* **Your assignment**: Would you retype, word for word, the line with "打开 Escrcpy,等待设" and each line after it to the end of the entries below, leaving the pictures out?

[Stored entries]

----

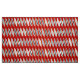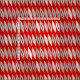 Fabric in a Mid-Century Modern design of abstract leaves in shades of light silver grey / grey to medium grey,accented with graphite grey and tomato red, on a dark Chinese red background
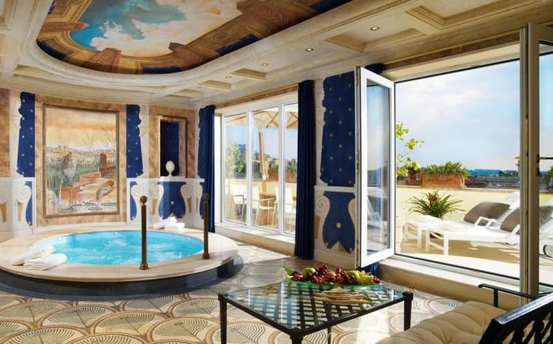 Шикарные апартаменты Villa La Cupola располагаются на пятом и шестом этажах римского отеля Westin Excelsior. Они занимают около 1100 кв.м, делая сьют одним из самых больших в Европе. Здесть имеется семь просторных террас, где гости могут принимать солнечные ванны и предаваться иным удовольствиям с шикарным видом на Рим. Уникальный дизайн гостиной с потолком в виде купола, панели из древесины грецкого ореха, покрытые ручной резьбой, украшающие библиотеку, домашний кинотеатр с новейшей системой "звук вокруг" и всеми возможными аудиовизуальными эффектами, собственная кухня и столовая - и это еще не все! Особенно гостям нравится собственный винный погреб на 160 бутылок белого и красного итальянского вина. Кроме того, в их распоряжении - отдельный лифт и красивейшая мраморная лестница, прекрасно оборудованный тренажерный зал, хамам, сауна и бассейн-джакузи. Такое идеальное место для вечеринок вполне стоит своих $30000 за ночь.
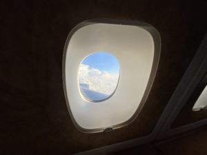Erneut flog ich in einem der 115 Airbus A380 von Emirates. Diesmal wurde ich jedoch beim Betreten des Upperdecks überrascht, da Emirates auf so einer „kurzen“ Strecke ein neueres Produkt einsetzt, als auf einer „wirklich langen“ Strecke. Dass die Kabine neuer sein muss, habe ich sofort am Eingang und später am Sitz mitbekommen, denn beides wirkte frischer und nicht mehr so übergoldet. Jedoch war und wird die Kabine nie so schick aussehen, wie in einer neuen Boeing 777-300, welche Christoph schon geflogen ist.
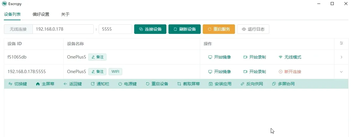 打开 Escrcpy,等待设备自动识别。在设备列表中选择要控制的手机,点击“开始镜像”即可。
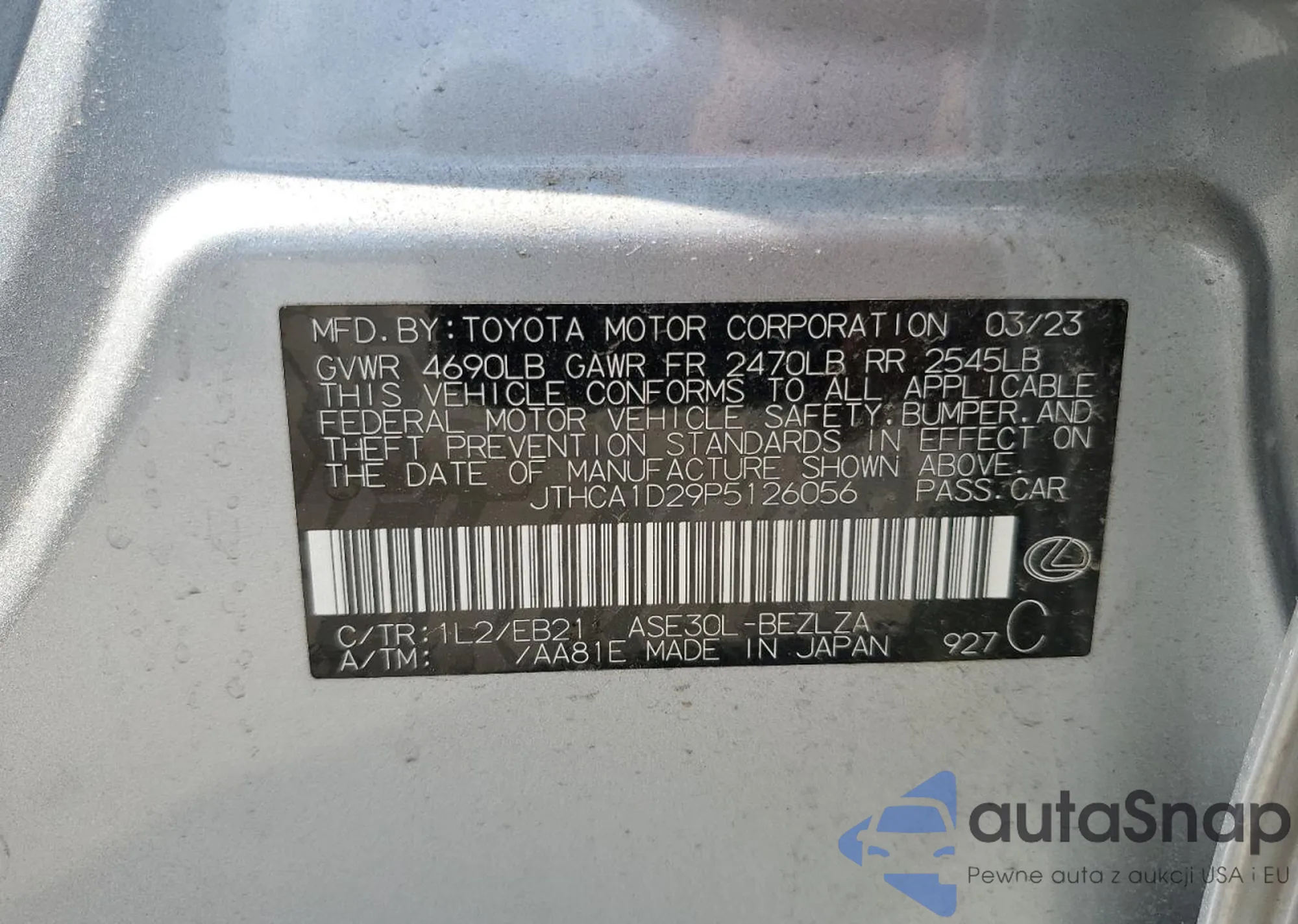 LOT: 67801135 VIN: JTHCA1D29P5126056
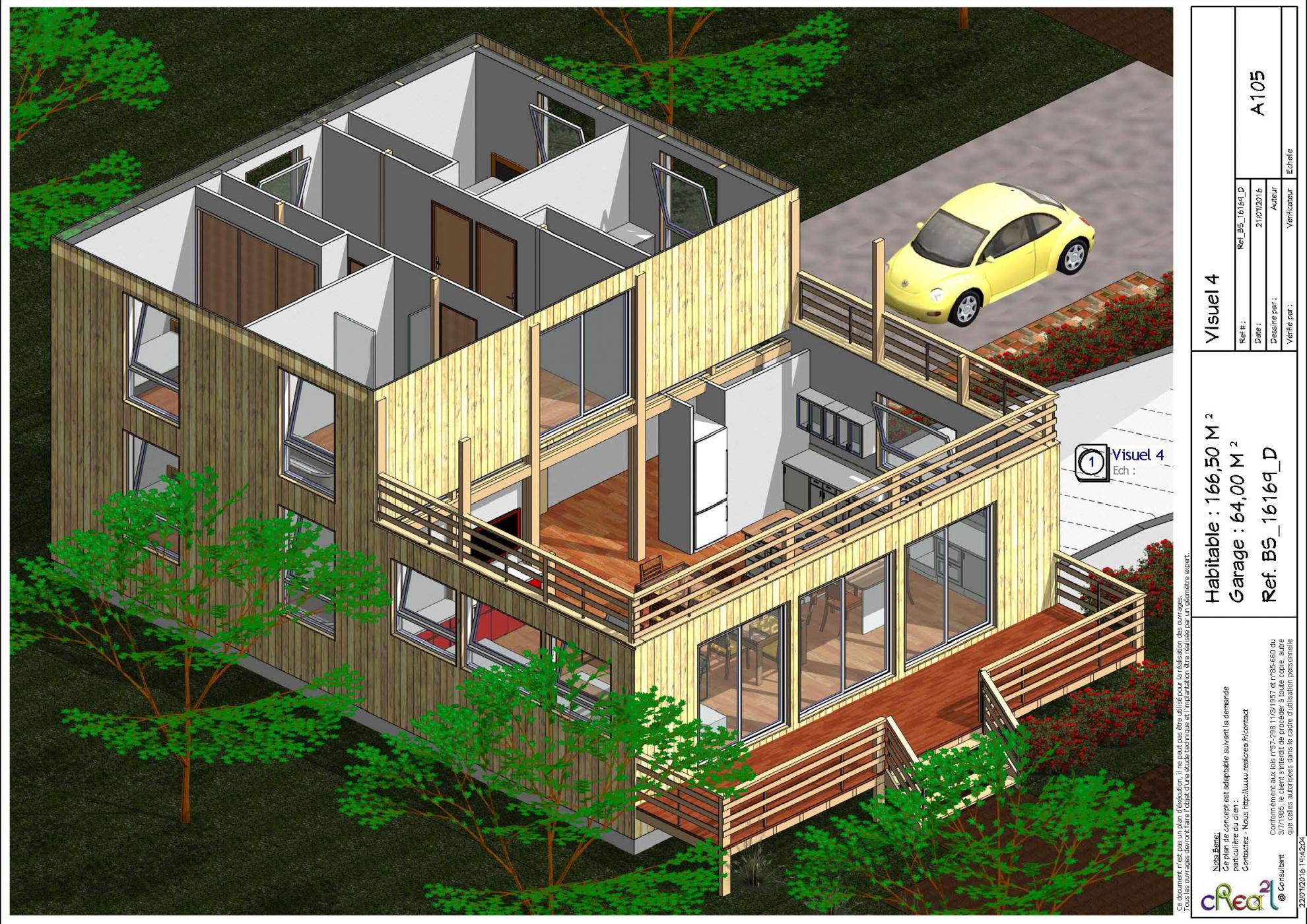 Plan BS_16169_D : Maison Bois contemporaine, T5, 166 m², 5 Chambres, Grand séjour, Cuisine ilot central, sous sol complet, grand Garage.

----

* **Solution below**:
 打开 Escrcpy,等待设备自动识别。在设备列表中选择要控制的手机,点击“开始镜像”即可。
 LOT: 67801135 VIN: JTHCA1D29P5126056
 Plan BS_16169_D : Maison Bois contemporaine, T5, 166 m², 5 Chambres, Grand séjour, Cuisine ilot central, sous sol complet, grand Garage.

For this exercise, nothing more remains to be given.